**WHAT TO PRODUCE:** Repeat the entries below exactly. Drop the pictures.

**SUPPLIED INFORMATION:**
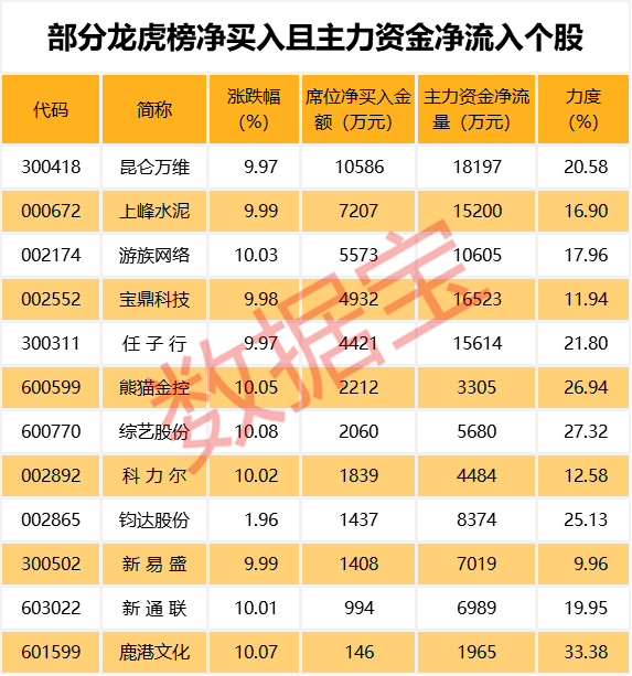 从盘口资金流向来看,主力资金净流入超千万且龙虎榜净买入个股共有12只,其中昆仑万维、宝鼎科技、任子行等个股资金净流入金额最大。净流入力度最大的个股有鹿港文化、综艺股份、熊猫金控,净流入力度分别为33.38%、27.32%、26.94%。
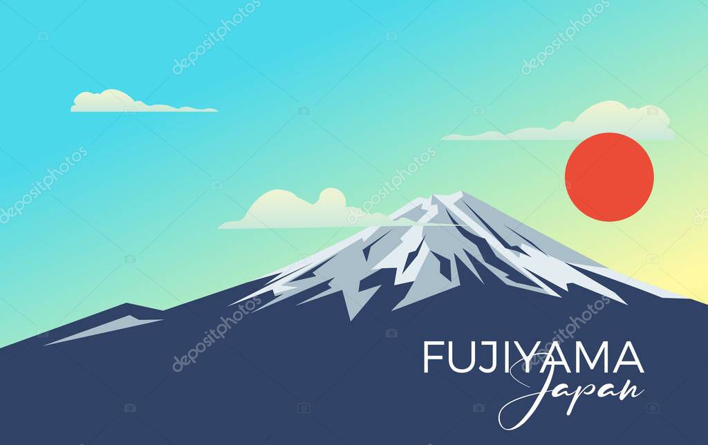 - Fujiyama vector illustration. Japanese landscape with Fuji mountain
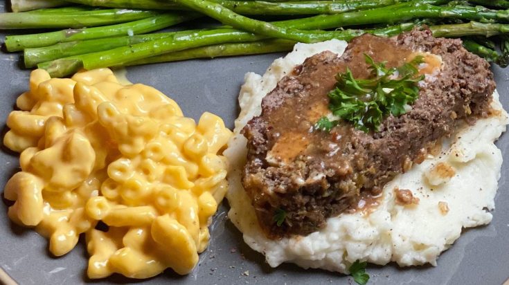 Comforting and hearty meatloaf with barbeque sauce and cheese? Yes please.
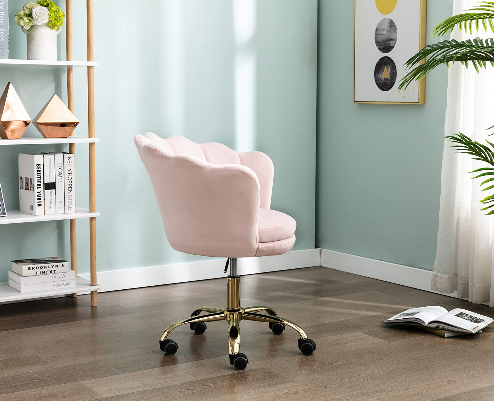 Wahson velvet swivel chair, height-adjustable, armless, with gold base, desk chair for bedroom/vanity, light pink, velvet.
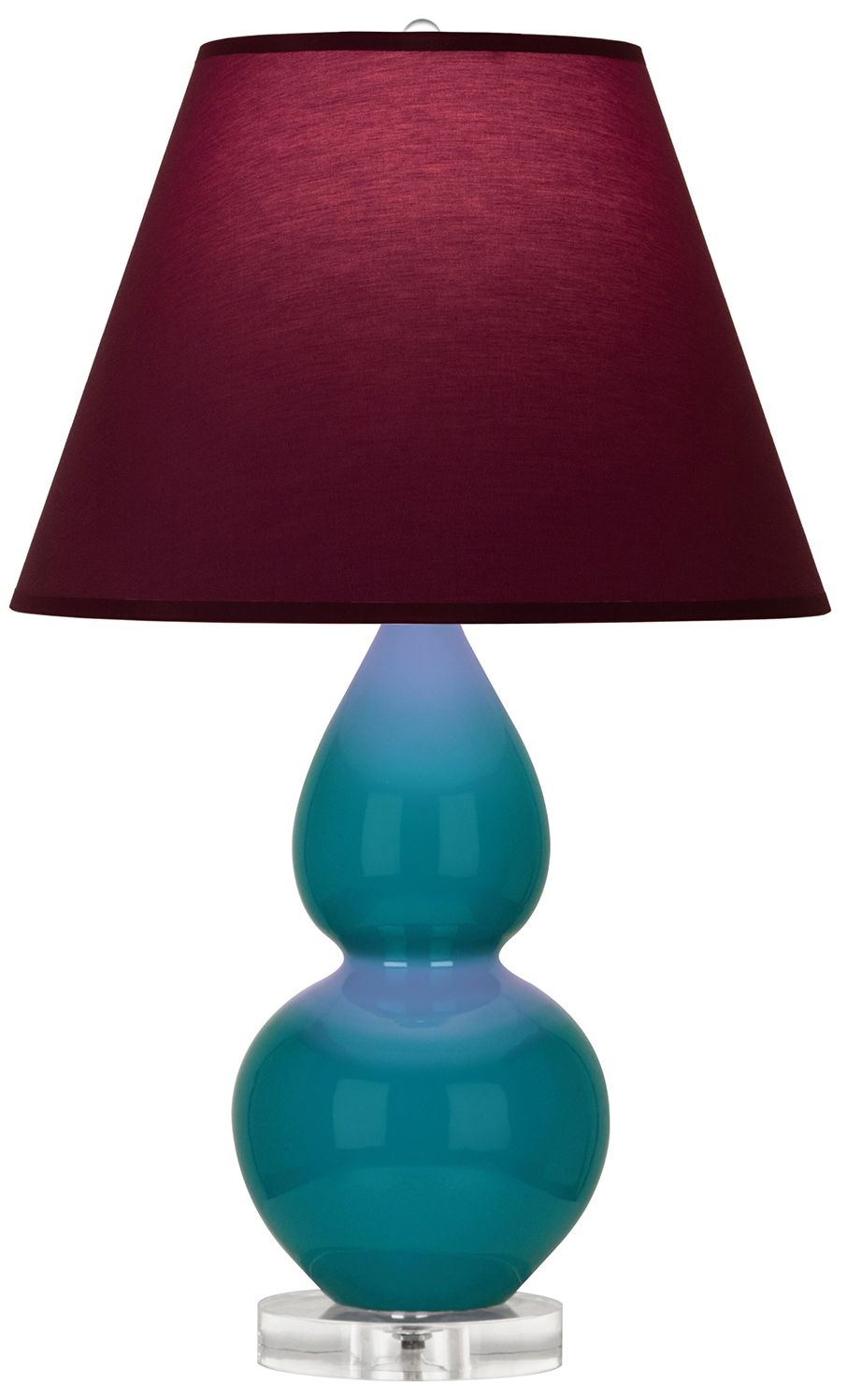 Double Gourd 22"H Peacock And Lucite Lamp w/ Plum And Lavender Shade

**ANSWER TO THIS EXERCISE:**
 从盘口资金流向来看,主力资金净流入超千万且龙虎榜净买入个股共有12只,其中昆仑万维、宝鼎科技、任子行等个股资金净流入金额最大。净流入力度最大的个股有鹿港文化、综艺股份、熊猫金控,净流入力度分别为33.38%、27.32%、26.94%。
 - Fujiyama vector illustration. Japanese landscape with Fuji mountain
 Comforting and hearty meatloaf with barbeque sauce and cheese? Yes please.
 Wahson velvet swivel chair, height-adjustable, armless, with gold base, desk chair for bedroom/vanity, light pink, velvet.
 Double Gourd 22"H Peacock And Lucite Lamp w/ Plum And Lavender Shade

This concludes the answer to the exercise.